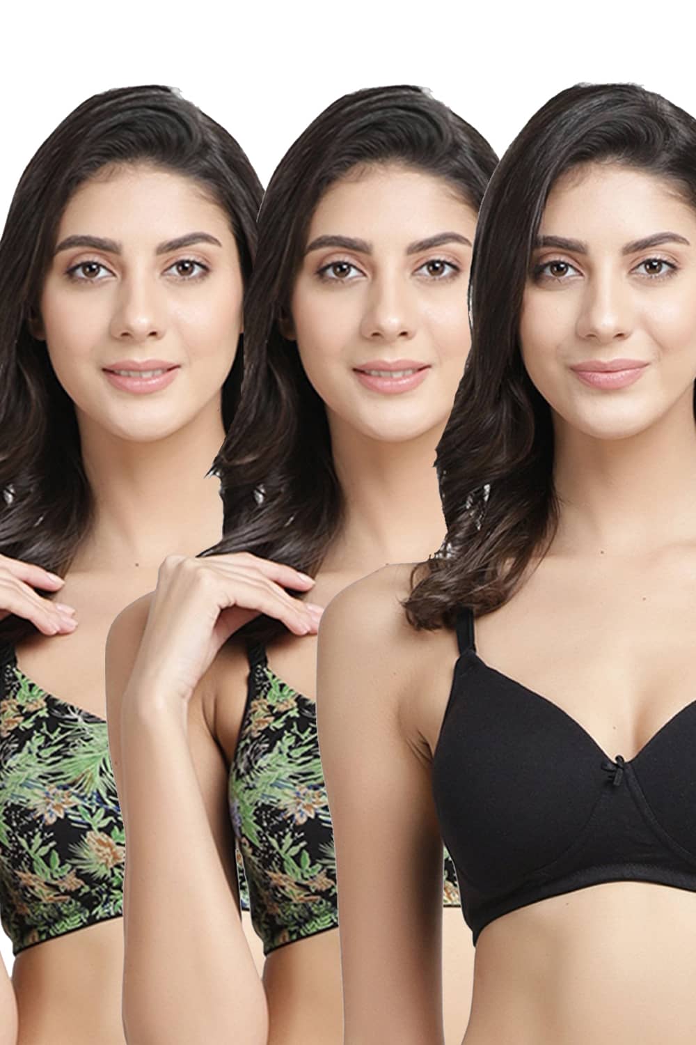 Organic Cotton Antimicrobial Wire-free Padded Bra (Pack of 3)-ISB068-J.Print_J.Print_Black-
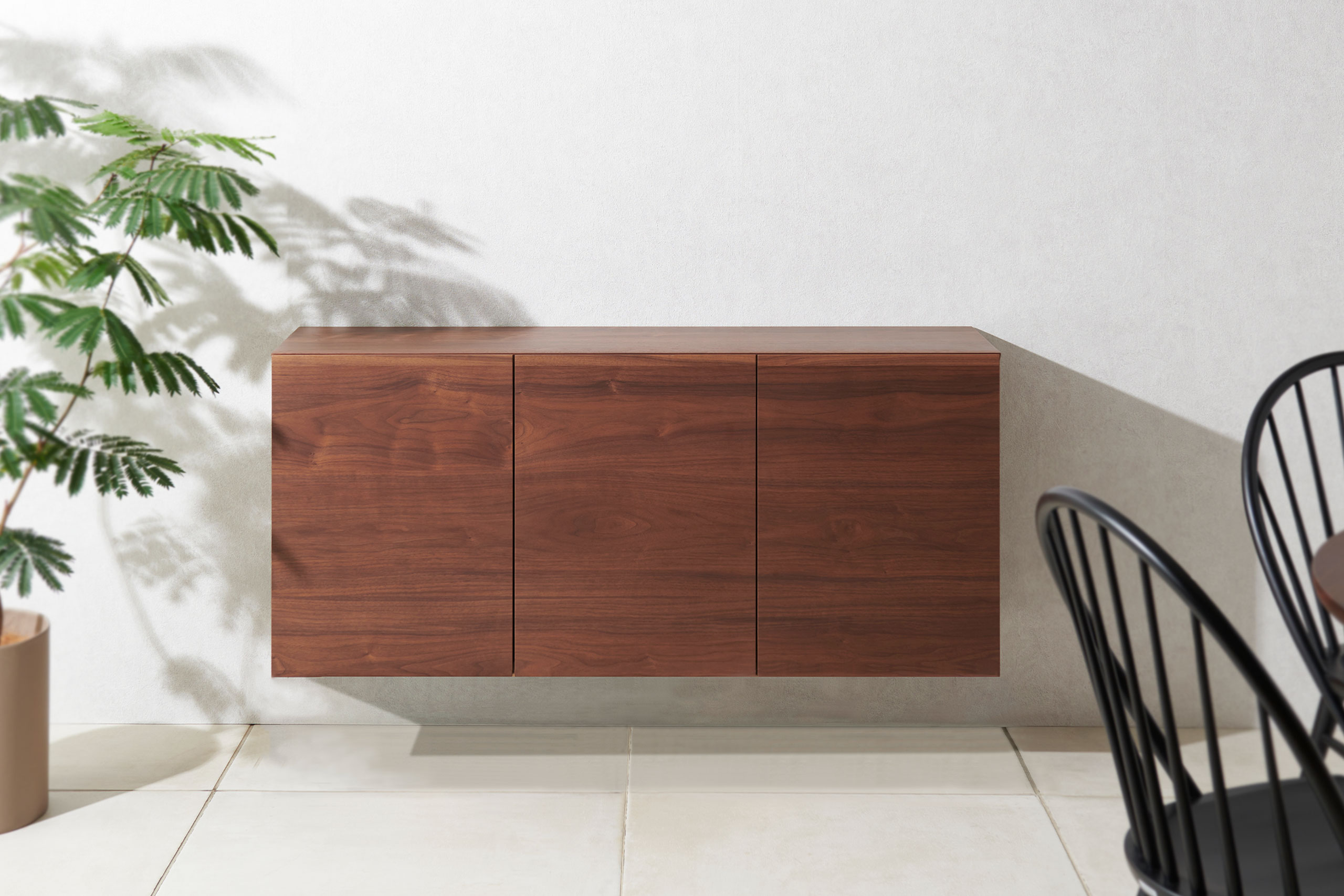 フロートタイプのサイドボード。プッシュオープン扉ですっきりとしたデザインです。オーク扉は真っ直ぐ流れるような整然とした印象の柾目タイプ(通常タイプ)と、ランダムに現れる豊かな木目が魅力のオーク板目タイプよりお選びいただけます。
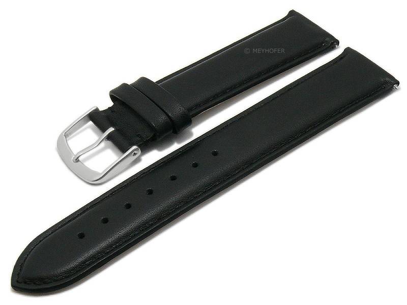 Meyhofer EASY-CLICK Uhrenarmband "Naperville" 17mm schwarz Leder glatt abgenäht (Schließenanstoß 16 mm)
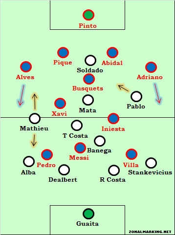 Ở đây vấn đề chủ chốt là mặc dù bộ đôi hậu vệ cánh Alves và Adriano bên phía Barca đã chơi lùi về sau, tuy nhiên họ vẫn có những pha dâng lên rất nguy hiểm ở 2 biên. Alves tiếp tục bị Mathieu đeo bám, nhưng Adriano thì vẫn được tự do hoạt động bên hành lang cánh trái, và cuối cùng thì anh cũng đã tạo ra được một cơ hội ngon ăn cho Messi băng vào dứt điểm hạ gục thủ thành Guaita mở tỉ số cho Barca ở phút thứ 77 của trận đấu.
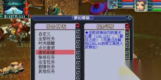 ①此场需要杀死杨正而不能杀死程咬金,杨正有一定的攻击力,但是毫无危险。程咬金不原谅,于是选择逃跑。战斗结束后再次到朱紫国(44,82)找蚩尤之子。
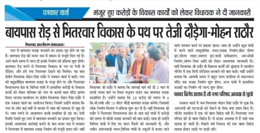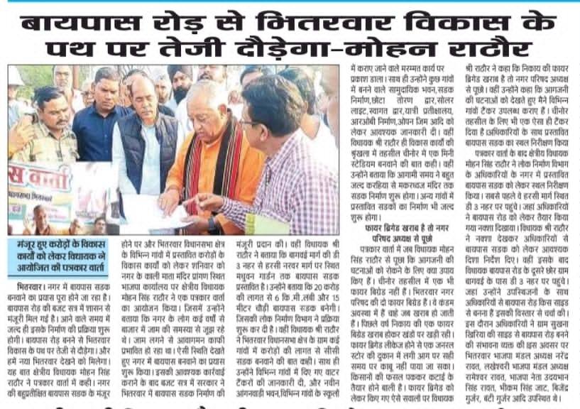 भितरवार के बायपास रोड़ (D3 नहर) का औचक निरीक्षण
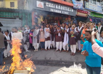 फोटो- मुख्य चैराहे पर उच्च शिक्षा मंत्री का पुतला दहन करते छात्र-छात्राएं प्रकाश कपरूवाण जोशीमठ। राजकीय महाविद्यालय जोशीमठ मंे प्रवक्ताओं...
________
*What you are asked to do*
Your task is to retype the listing exactly, without its pictures.

*Written reply*
 Organic Cotton Antimicrobial Wire-free Padded Bra (Pack of 3)-ISB068-J.Print_J.Print_Black-
 フロートタイプのサイドボード。プッシュオープン扉ですっきりとしたデザインです。オーク扉は真っ直ぐ流れるような整然とした印象の柾目タイプ(通常タイプ)と、ランダムに現れる豊かな木目が魅力のオーク板目タイプよりお選びいただけます。
 Meyhofer EASY-CLICK Uhrenarmband "Naperville" 17mm schwarz Leder glatt abgenäht (Schließenanstoß 16 mm)
 Ở đây vấn đề chủ chốt là mặc dù bộ đôi hậu vệ cánh Alves và Adriano bên phía Barca đã chơi lùi về sau, tuy nhiên họ vẫn có những pha dâng lên rất nguy hiểm ở 2 biên. Alves tiếp tục bị Mathieu đeo bám, nhưng Adriano thì vẫn được tự do hoạt động bên hành lang cánh trái, và cuối cùng thì anh cũng đã tạo ra được một cơ hội ngon ăn cho Messi băng vào dứt điểm hạ gục thủ thành Guaita mở tỉ số cho Barca ở phút thứ 77 của trận đấu.
 ①此场需要杀死杨正而不能杀死程咬金,杨正有一定的攻击力,但是毫无危险。程咬金不原谅,于是选择逃跑。战斗结束后再次到朱紫国(44,82)找蚩尤之子。
 भितरवार के बायपास रोड़ (D3 नहर) का औचक निरीक्षण
 फोटो- मुख्य चैराहे पर उच्च शिक्षा मंत्री का पुतला दहन करते छात्र-छात्राएं प्रकाश कपरूवाण जोशीमठ। राजकीय महाविद्यालय जोशीमठ मंे प्रवक्ताओं...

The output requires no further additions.